После допроса в полиции Грегуар Ларондо без конца ей названивал. Мелани понятия не имела, где он раздобыл ее номер. В первый раз Брюно каким-то чудом ничего не слышал. Мелани отошла в сторону и рассказала Грегуару, что знала о продвижении расследования и принятых мерах. Она твердо попросила его больше не звонить, однако три часа спустя тот снова набрал ее номер. По его голосу Мелани поняла, что этим все не закончится. Что-то плотное, до сих пор сдерживающее его тревогу, дало трещину: Грегуар хотел знать о деталях расследования, участвовать в поисках. Он не мог оставаться в стороне, когда его дочь в опасности. Грег потерял голову.
Тогда по совету Клары Руссель, которая не могла гарантировать, что Брюно никогда не узнает о допросе Грегуара Ларондо, Мелани решила все рассказать мужу. Опуская детали, перейдя к самой сути, она рассказала о том вечере десять лет назад и о встрече с Грегуаром несколькими годами позже. Сжав кулаки, Брюно слушал и не перебивал. Мелани видела, как сжимаются его челюсти — точно так же, как в тот день, когда он подрался прямо на улице с мужчиной, который сделал вид, будто плюет вслед Мелани.

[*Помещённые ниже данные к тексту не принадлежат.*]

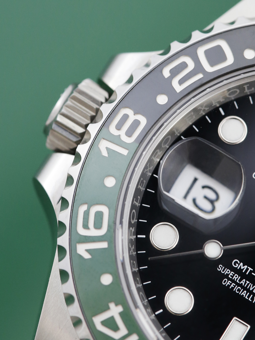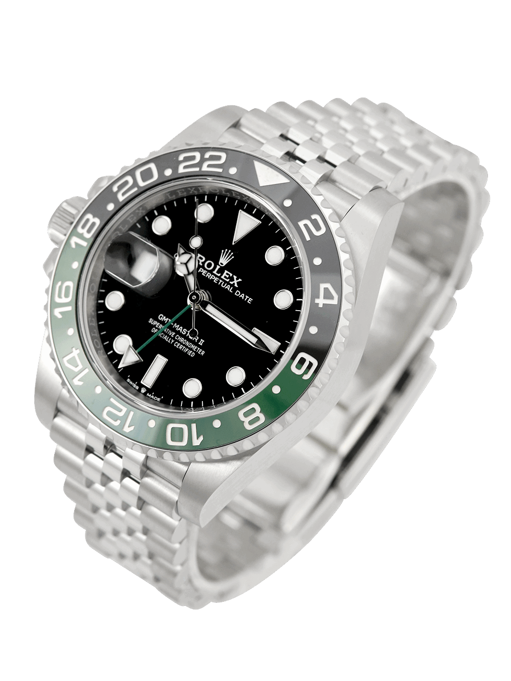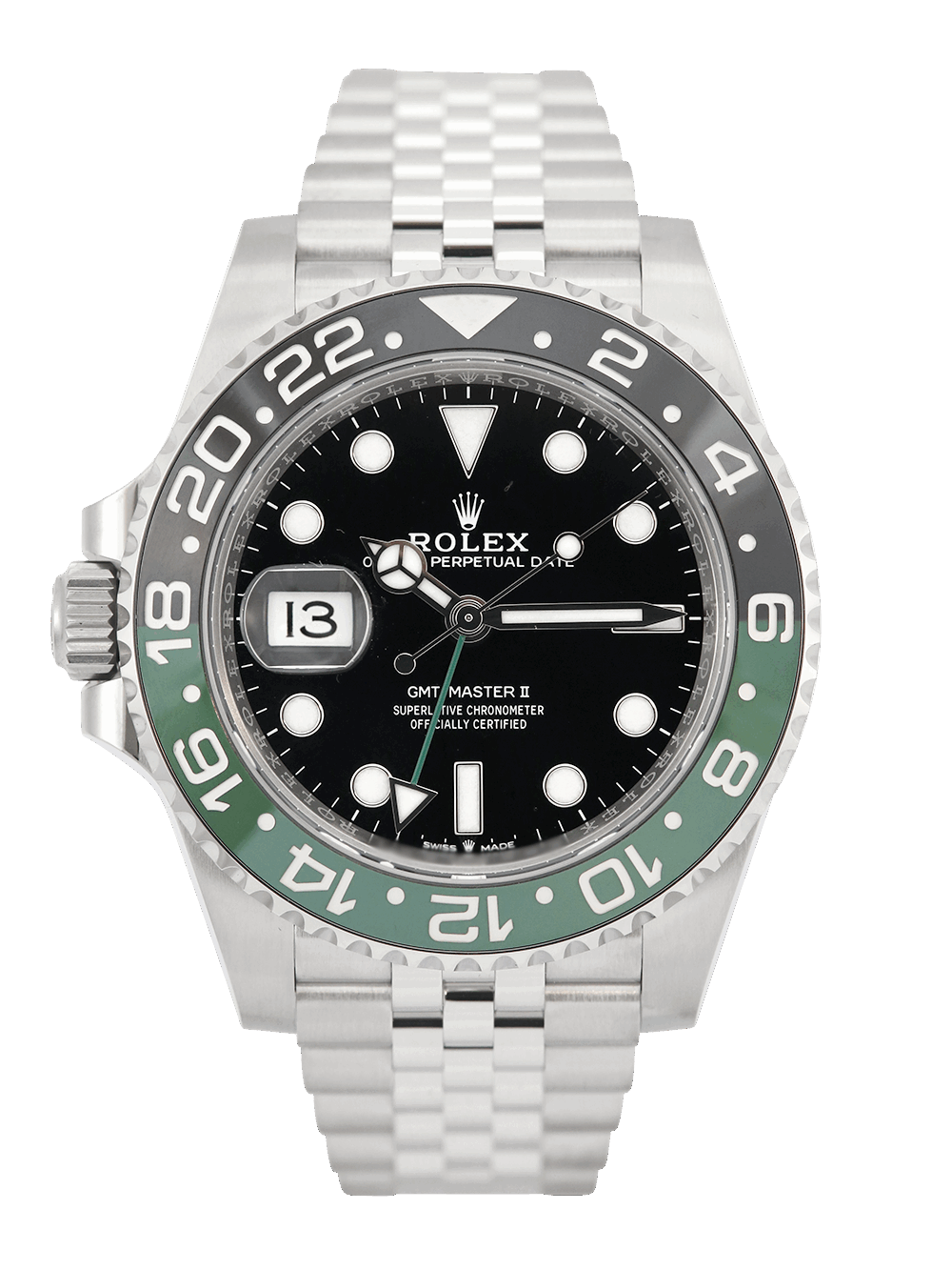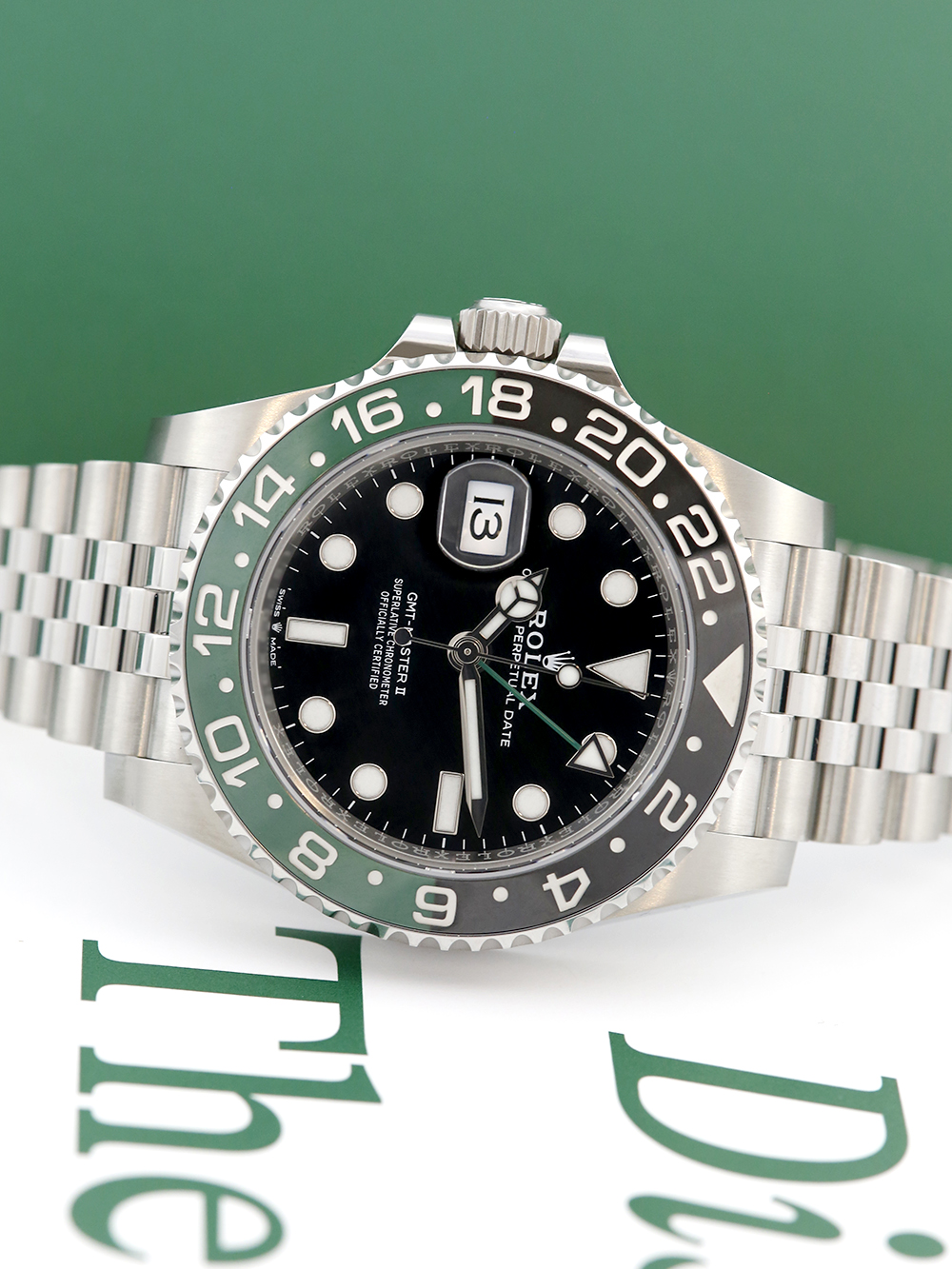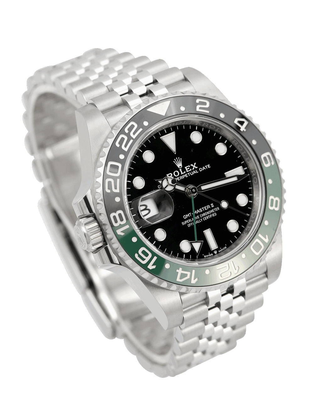 We are delighted to offer for sale this unworn, unsized and brand new 40mm case size Oystersteel superlative chronometer, calibre 3285, automatic movement Rolex GMT Master II model reference 126720VTNR featuring a black baton dial surrounded by a black and green ceramic 24-hour ‘Sprite’ bezel on a full retail length Oystersteel Rolex Jubilee bracelet.
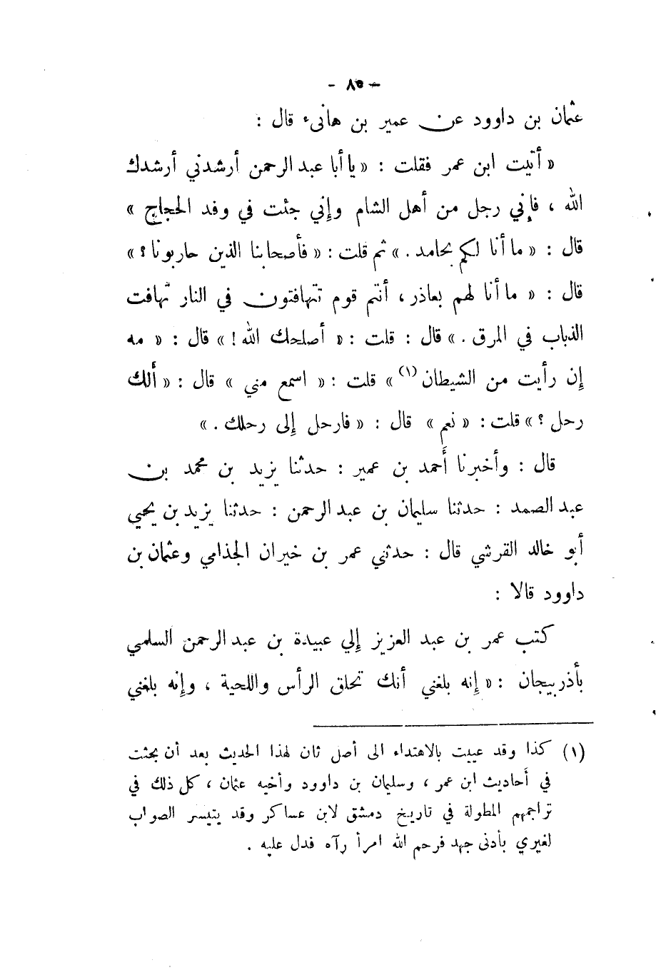 قَالَ: وَأَخْبَرَنَا أَحْمَدُ بْنُ عُمَيْرٍ، حَدَّثَنَا يَزِيدُ بْنُ مُحَمَّدِ بْنِ عَبْدِ الصَّمَدِ، حَدَّثَنَا سُلَيْمَانُ بْنُ عَبْدِ الرَّحْمَنِ، حَدَّثَنَا يَزِيدُ بْنُ يَحْيَى أَبُو خَالِدٍ الْقُرَشِيُّ، حَدَّثَنِي عُمَرُ بْنُ حُمْرَانَ الْجُذَامِيُّ، وَعُثْمَانُ بْنُ دَاوُدَ، قَالَا: كَتَبَ عُمَرُ بْنُ عَبْدِ الْعَزِيزِ إِلَى عُبَيْدَةَ بْنِ عَبْدِ الرَّحْمَنِ السُّلَمِيِّ بِأَذْرَبِيجَانَ: إِنَّهُ بَلَغَنِي أَنَّكَ تَحْلِقُ الرَّأْسَ وَاللِّحْيَةَ، وَإِنَّهُ بَلَغَنِي -[86]- أَنَّ رَسُولَ اللَّهِ صَلَّى اللَّهُ عَلَيْهِ وَسَلَّمَ قَالَ: «إِنَّ اللَّهَ تَعَالَى §جَعَلَ هَذَا الشَّعْرَ نُسُكًا، وَسَيَجْعَلُهُ الظَّالِمُونَ نَكَالًا» فَإِيَّاكَ وَالْمُثْلَةَ: جَزُّ الرَّأْسِ وَاللِّحْيَةِ، فَإِنَّ رَسُولَ اللَّهِ صَلَّى اللَّهُ عَلَيْهِ وَسَلَّمَ نَهَى عَنِ الْمُثْلَةِ

Затем Брюно встал, не говоря ни слова, и закрылся в спальне. Все это время Мелани неподвижно сидела на диване в гостиной.
Выйдя из спальни, Брюно с красными глазами заговорил тоном, которого Мелани за ним никогда не замечала. Тоном, который не потерпит ни сомнений, ни возражений. Ее мягкий, податливый Брюно вынес вердикт: Кимми — его дочь, он в этом уверен. Разговор закрыт. На их долю выпал настоящий кошмар, так что нужно держаться вместе. Нельзя тратить энергию на ссоры или ошибки. Впереди битва поважнее.
Теперь Брюно смотрел в окно. Мелани слышала его громкое, очень громкое дыхание. Ожидая, пока наполнится ванна, она включила телевизор, случайно попав на один из тех каналов, по которым сутками крутили новости. Она начала прибираться, как вдруг услышала голос своей матери и осторожно подошла к экрану.
С микрофоном у подбородка ее мать изображала озабоченность.
— Да, это ужасное испытание для дочери и зятя. Конечно, они держатся, но мы все очень волнуемся за малышку. Если бы мы хотя бы знали, в каких условиях ее держат. Знаете, детей иногда находят в таком состоянии… У полиции нет никаких зацепок — вот вам правда. А педофилов везде полно, месье. Только об этом и думаем.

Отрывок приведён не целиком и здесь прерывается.